----- Data

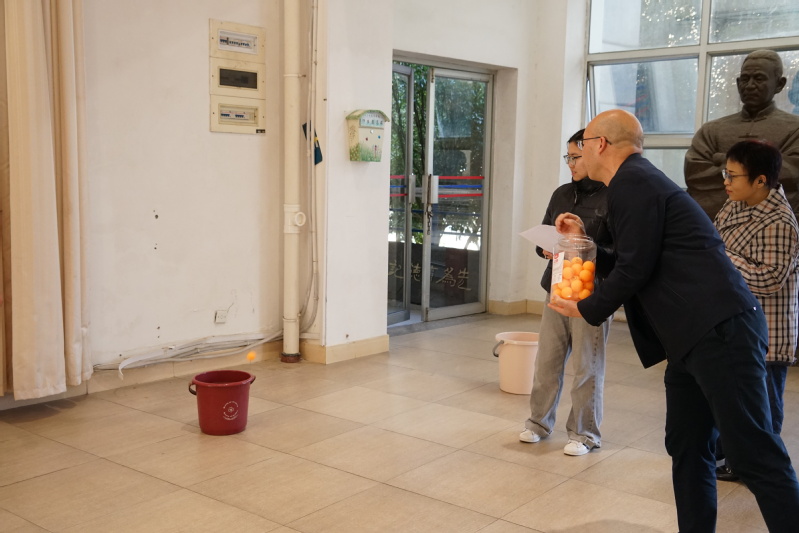 30秒中的时间里,大家争分夺秒,乒乓球如雨点般落入球筐。投入数量多的老师满脸自豪,数量稍少的也不气馁,互相鼓励着下次再来。
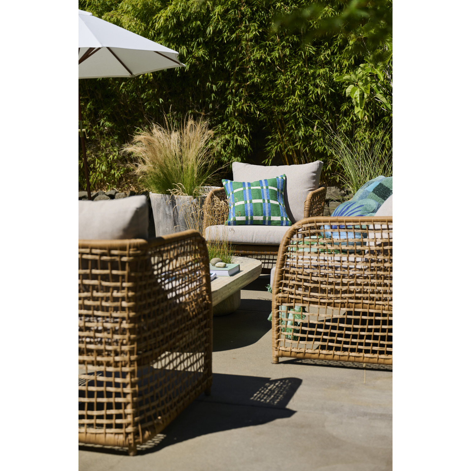 Hand-Woven Plastic Wicker Indoor/Outdoor Sofa with Fabric Cushions
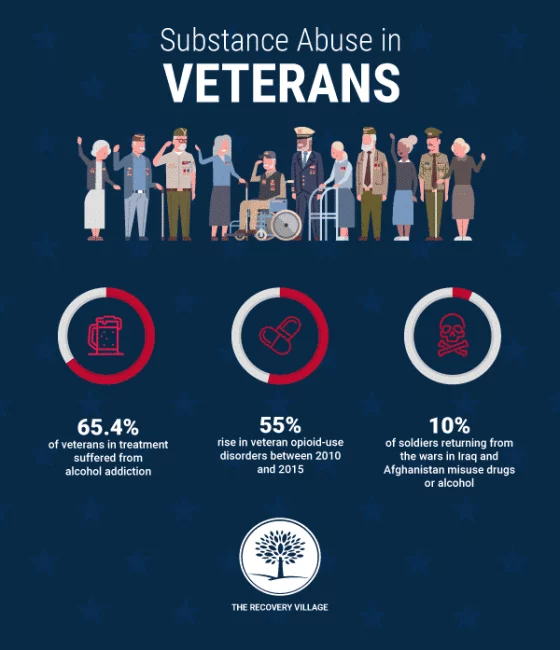 Studies show that there is a strong relationship between PTSD and substance use disorders in veterans. The following are some veterans and substance abuse statistics, according to the U.S. Department of Veterans Affairs:
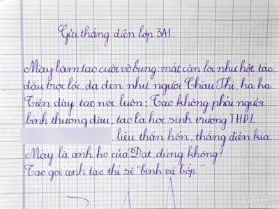 Mày làm tao cười vỡ bụng: mắt cận lòi như hột táo, đầu trọc lóc, da đen như người châu Phi, ha ha. Tiện đây tao nói luôn: Tao không phải người bình thường đâu, tao là học sinh trường THDL (Tiểu học dân lập – PV)... Liệu thần hồn, thằng điên kia.
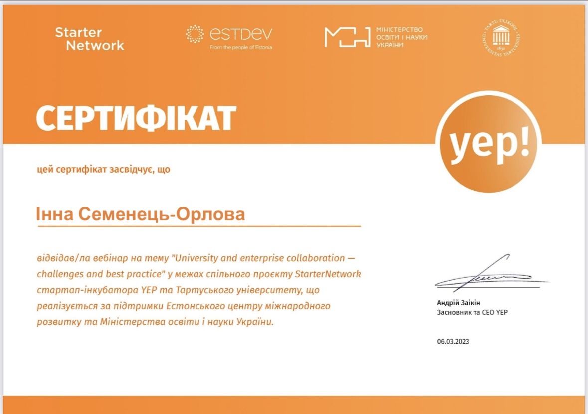 Науково-педагогічні працівники Навчально-наукового інституту управління, економіки та бізнесу долучилися до спільної програми YEP та Тартуського університету StarterNetwork.
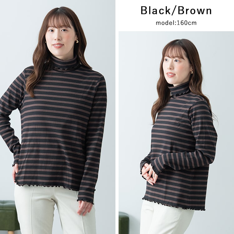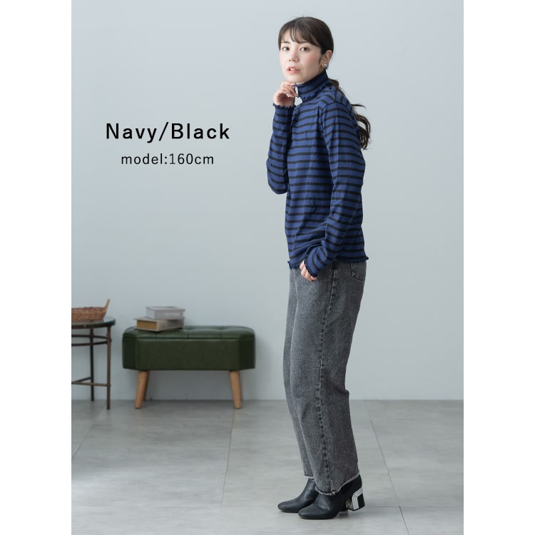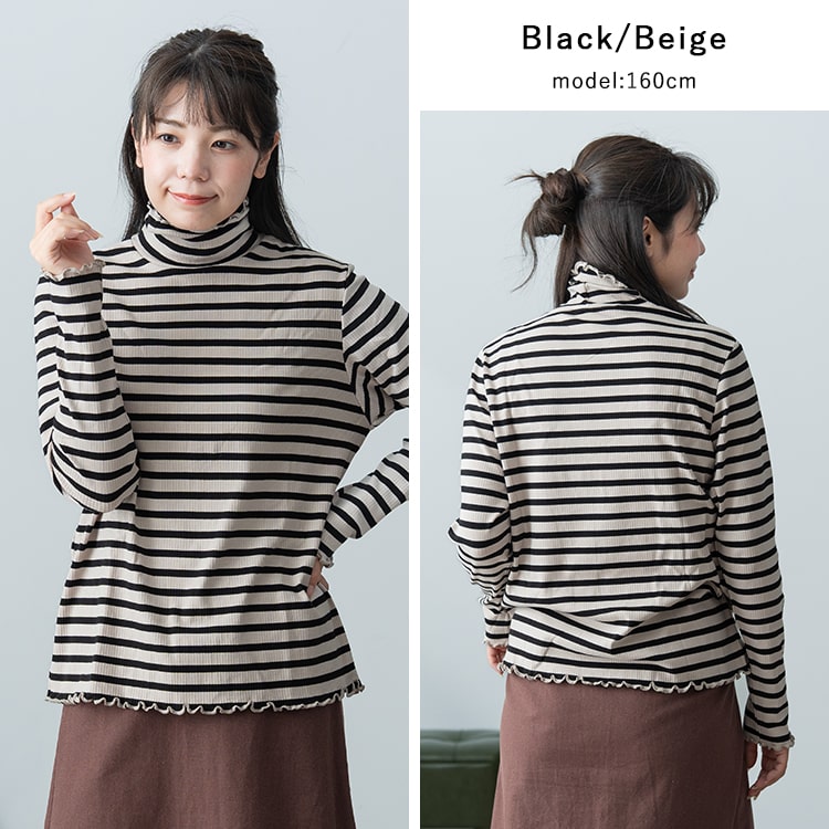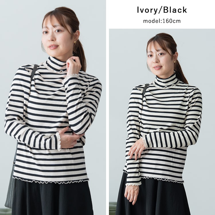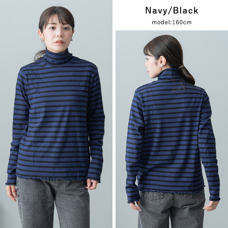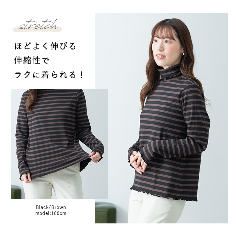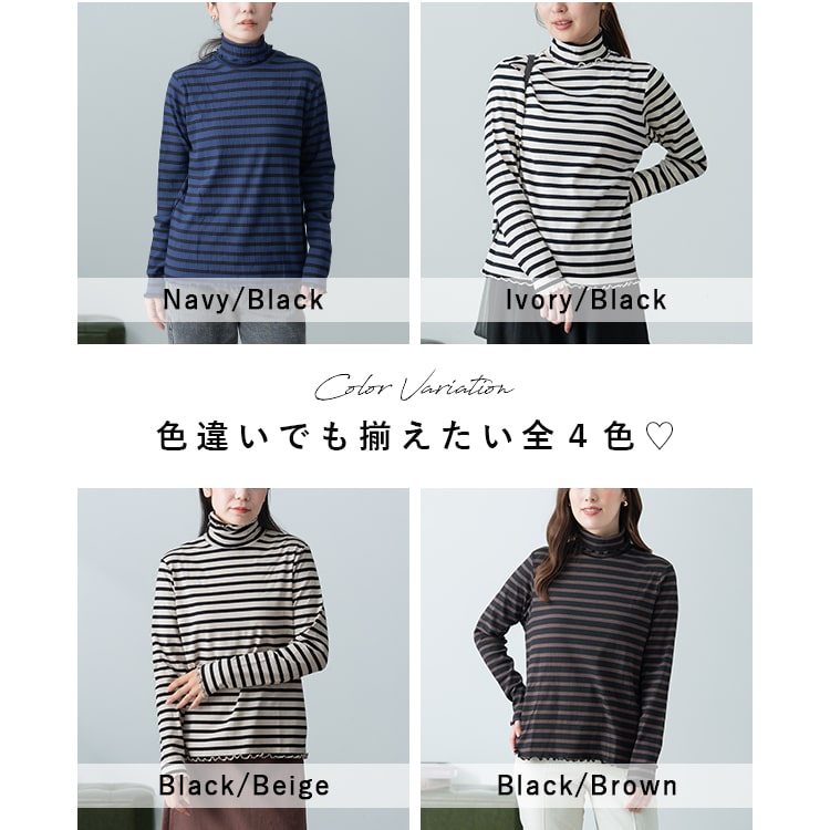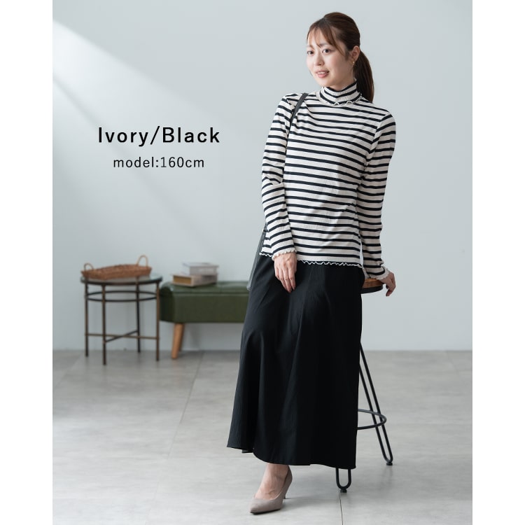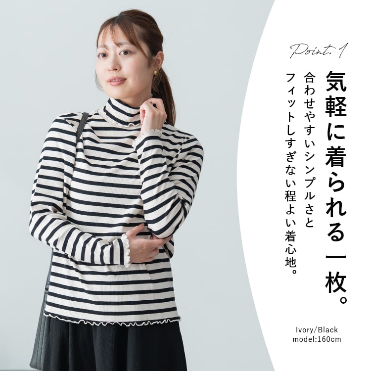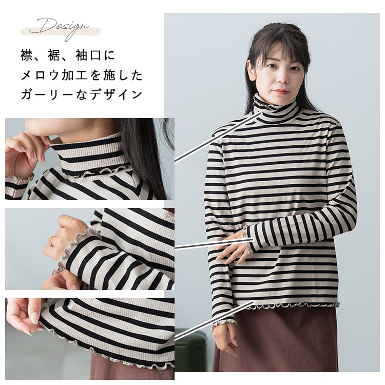 【Max300%ポイントバック】カットソー テレコリブ レディース 長袖 ハイネック tシャツ 綿 コットン ロンT タートルネック メロー フリル かわいい おしゃれ 重ね着 シンプル 大人 M L 秋 冬
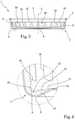 As shown inFIG. 5, eachrib19 has abody22, which may be of an approximately semi-cylindrical shape and which, in the example shown, extends parallel to the axis Z. Eachrib19 has an end facing the rollededge5, i.e. opposite thetransverse panel4. The ends of theribs19 facing the rollededge5 may have different conformations, in particular two different conformations.
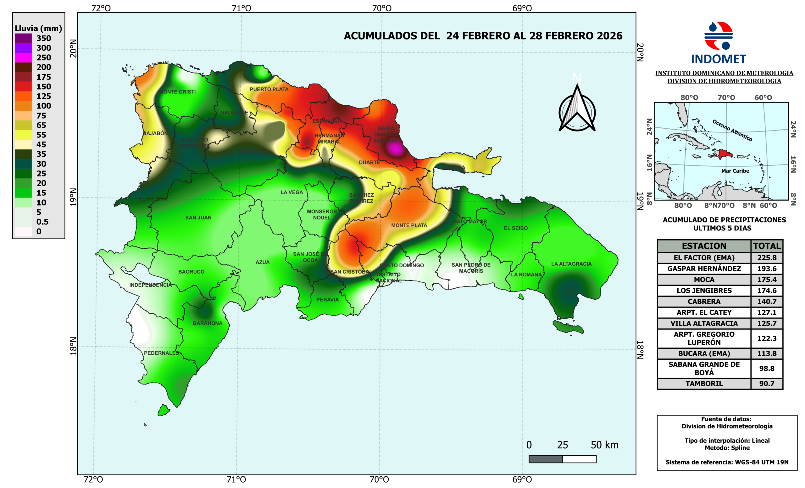 Mapa de Precipitaciones en 5 días: 28 de Febrero de 2026
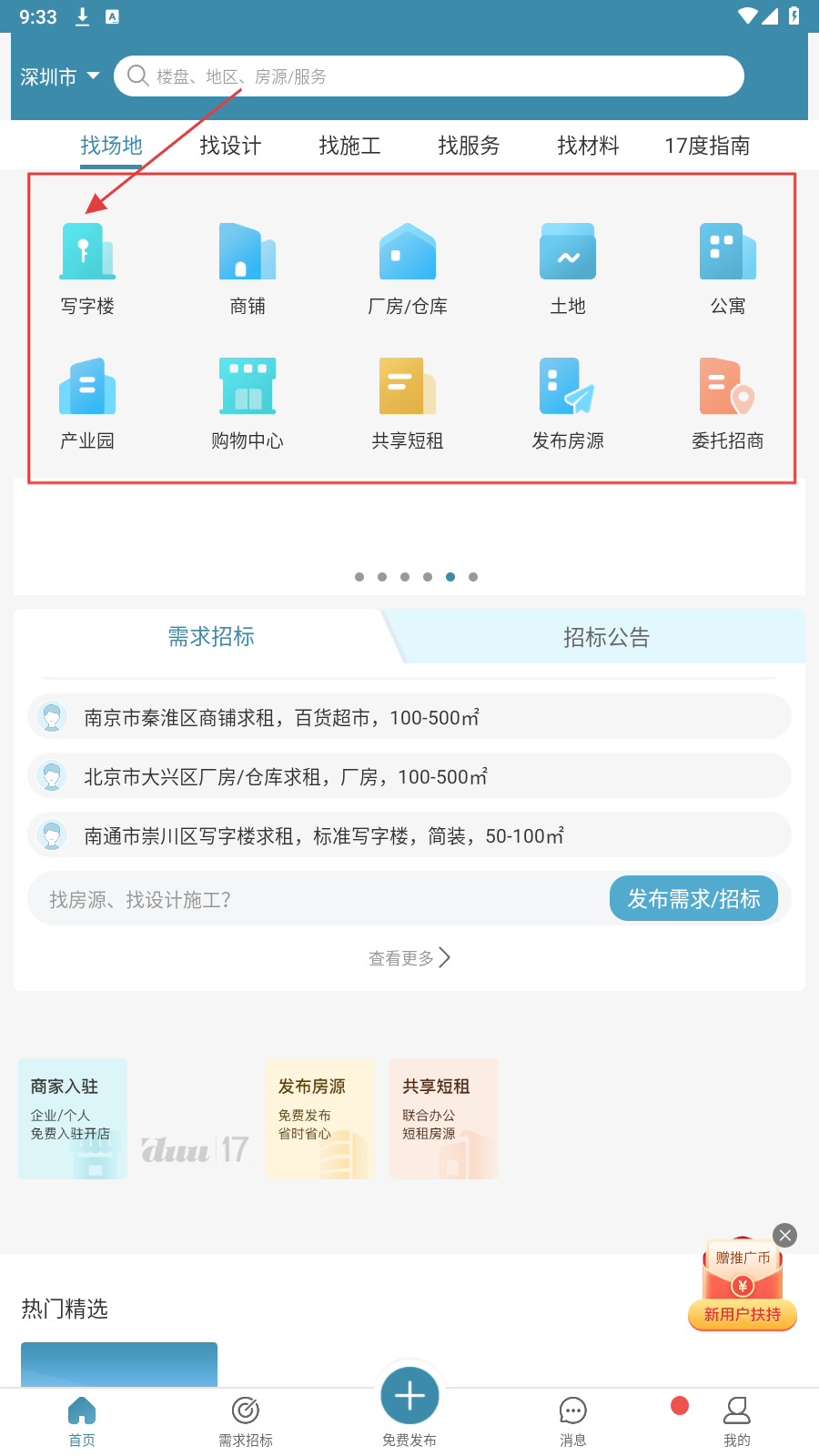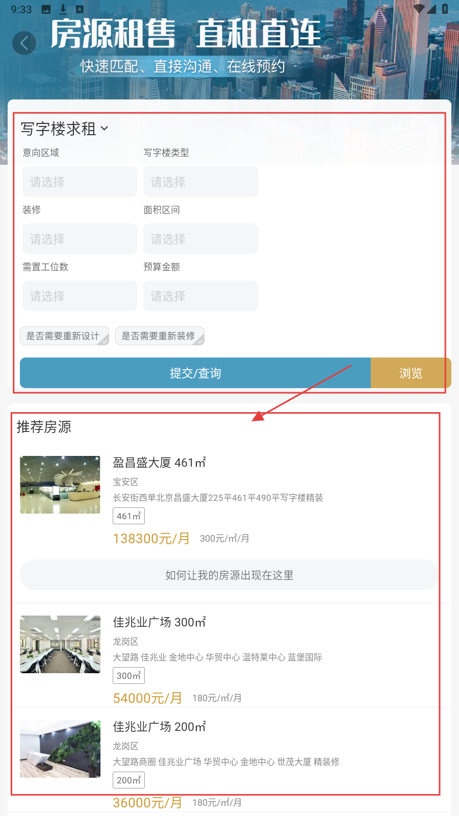 2、进入【写字楼】租售页面,可以在上方填写信息发布求租信息,也可以点击下方推荐房源。

----------

Given the records above, return the lines starting at the one that holds "Науково-педагогічні працівники Навчально-наукового" and ending at the one that holds "シンプル 大人 M L 秋 冬", exactly, and nothing besides; leave every picture out.

▶ [Result of this exercise]
 Науково-педагогічні працівники Навчально-наукового інституту управління, економіки та бізнесу долучилися до спільної програми YEP та Тартуського університету StarterNetwork.
 【Max300%ポイントバック】カットソー テレコリブ レディース 長袖 ハイネック tシャツ 綿 コットン ロンT タートルネック メロー フリル かわいい おしゃれ 重ね着 シンプル 大人 M L 秋 冬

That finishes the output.